That's what a query language does. Specifically, Datalog is a query language that's like making statements and asking "what matches?"

```
I want X and Y where:
  X is a server,
  X runs Y,
  Y had a critical alert.
```

Silk figures out the answer. You don't have to tell it how to search.

Under the hood, the graph is just facts: "server-1 is a server," "server-1 runs api-svc," "alert-7 is critical." Datalog matches patterns across facts.
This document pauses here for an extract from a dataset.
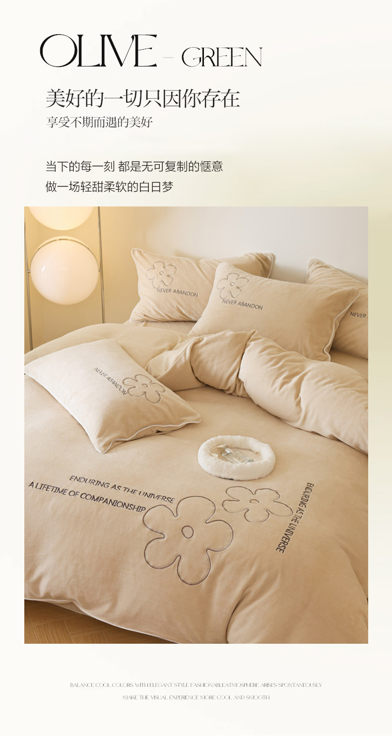 (总)万盛家纺 2025新款牛奶绒简约绣花四件套,艾草绿,豆沙色,高级灰,奶油黄,香草白,杏仁色,悠悠粉

It's like a crossword puzzle — fill in the variables so everything fits.

### Research

- Tonsky (2014) — DataScript: useful Datalog engine in ~1,000 LOC over an in-memory triple store
- Abiteboul, Hull & Vianu (1995) — *Foundations of Databases* (Datalog semantics)
- Whaley & Lam (2004) — Datalog for large-scale graph analysis

### What Was Built

Foundation layer in pure Python (`python/silk/query.py`):

```python
from silk import Query

# Find all down services running on active servers
results = (
    Query(store)
    .nodes("server")
    .where(status="active")
    .follow("RUNS")
    .where(status="down")
    .collect()
)
```

Fluent API: `.nodes()` → `.where()` → `.follow()` → `.where()` → `.collect()`. Chains filter and traversal operations. Works with both `GraphStore` (live) and `GraphSnapshot` (historical).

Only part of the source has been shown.